Oil prices rose on last week but were still on track for a second straight weekly loss on concerns that an OPEC-led production cut has failed to significantly tighten an oversupplied market.
U.S. West Texas Intermediate (WTI) crude was at USD49.43 per barrel at 0649 GMT, up 46 cents, or 0.94 percent, from their last close. However, WTI is still set for a small weekly loss and is around 8% below its April peak.
Brent crude was at USD51.91 per barrel, up 47 cents, or 0.91 percent. Brent is almost around 8.5 percent down from its April peak and is also on track for a second, albeit small, week of declines.
Traders stated that Friday’s rises came on the back of OPEC saying it was keen to discover a deal that would secure a drawdown of excess fuel supplies.
The Organization of the Petroleum Exporting Countries (OPEC) and other producers including Russia originally pledged to cut output by almost 1.8 million barrels per day (bpd) only during the first half of the year. But OPEC has come under pressure to extend the cuts to cover all of 2017 in order to counter bulging supplies elsewhere.

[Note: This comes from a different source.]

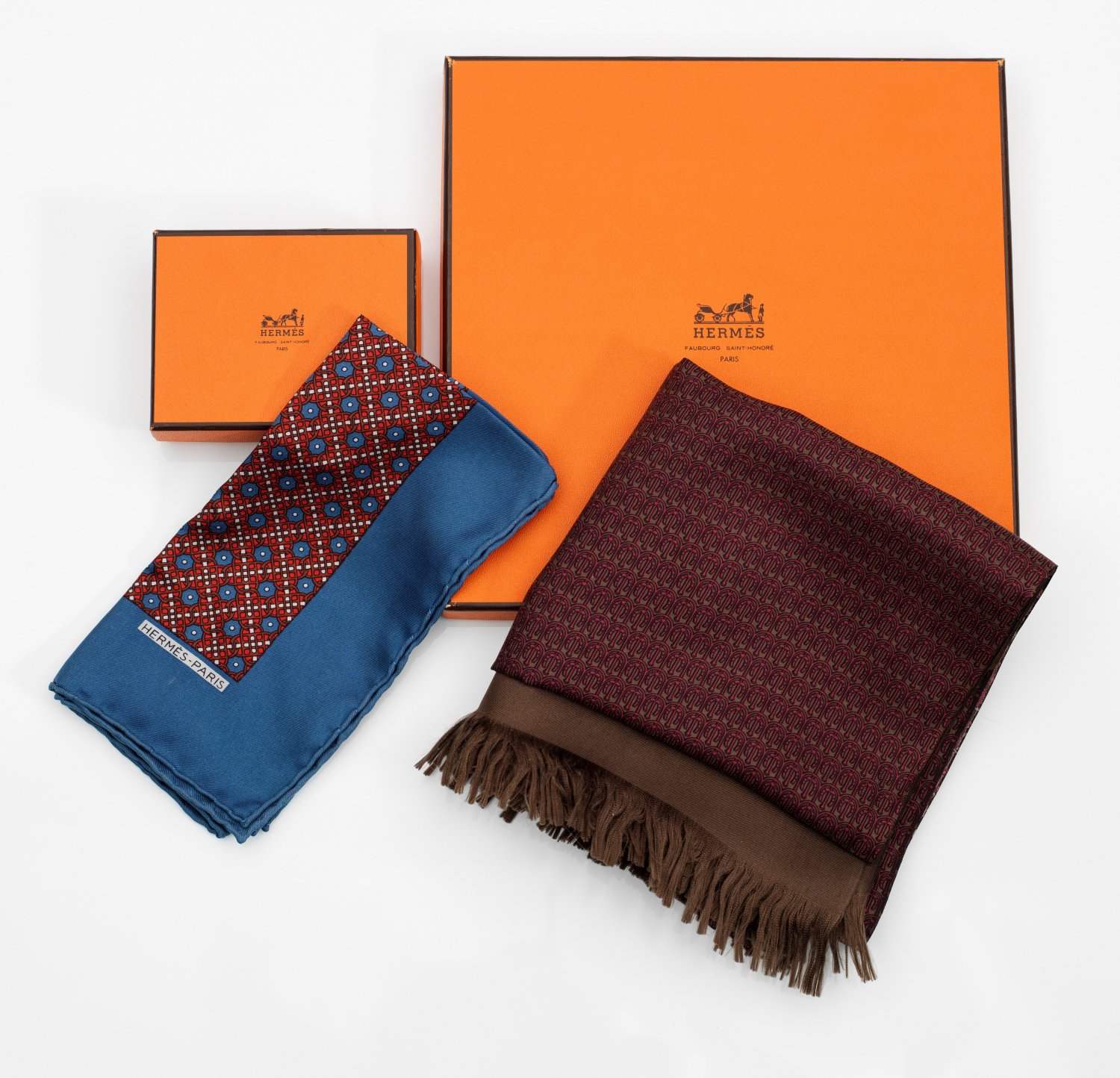Two silk scarfs by HERMÈS. Manufacturer's mark Original box.

“OPEC, effectively said the production cut will be extended, meeting the reality of the restart of a big Libyan oil field and the continued expansion of U.S. shale oil,” asserted Greg McKenna, chief market strategist at futures brokerage AxiTrader.

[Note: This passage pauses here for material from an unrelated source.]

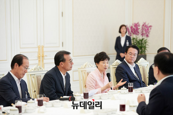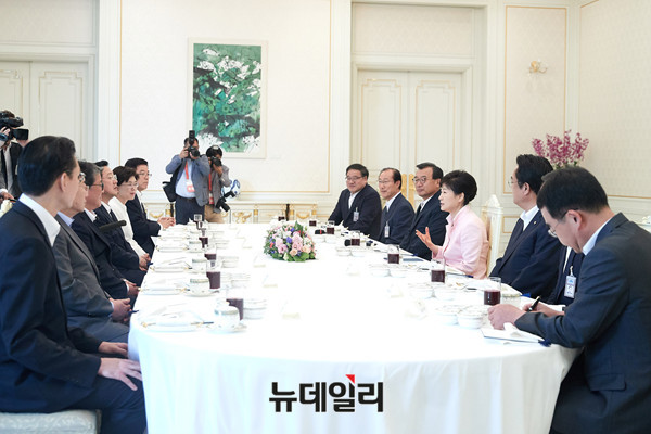 박근혜 대통령과 새누리당 이정현 신임 대표를 비롯한 신임지도부가 11일 오전 청와대에서 오찬회동을 가졌다.

The ongoing supply overhang is in part due to surging U.S. production, which has risen by 10 percent since mid-2016 to 9.27 million bpd.
Consultancy Rystad Energy anticipates U.S. shale oil output to grow by 100,000 bpd each month for the rest of this year and into 2018, well above estimates by the U.S. Energy Information Administration for monthly gains of about 29,000 bpd in 2017 and 57,000 bpd in 2018.

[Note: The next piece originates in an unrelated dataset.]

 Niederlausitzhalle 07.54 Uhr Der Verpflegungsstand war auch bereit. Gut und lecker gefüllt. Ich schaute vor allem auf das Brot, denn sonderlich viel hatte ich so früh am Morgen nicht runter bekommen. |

Outside the United States, growing output in Libya, an OPEC-member exempt from the cuts, was adding to plentiful supplies.
ANZ bank said that OPEC was under pressure to extend the cuts.
“Even though inventories have started to fall, they remain at elevated levels. Stocks have settled into the 62-65 days consumption or approximately 2.98 billion barrels,” ANZ bank said in a note on Friday.
This compares with the five-year average of 55 days’ worth of consumption that Saudi Arabia wants to achieve.
In order to achieve this, ANZ said it expected OPEC to extend its cuts beyond the first half of 2017, although it added that “there is some risk that non-OPEC producers (such as Russia) may balk at the suggestion.”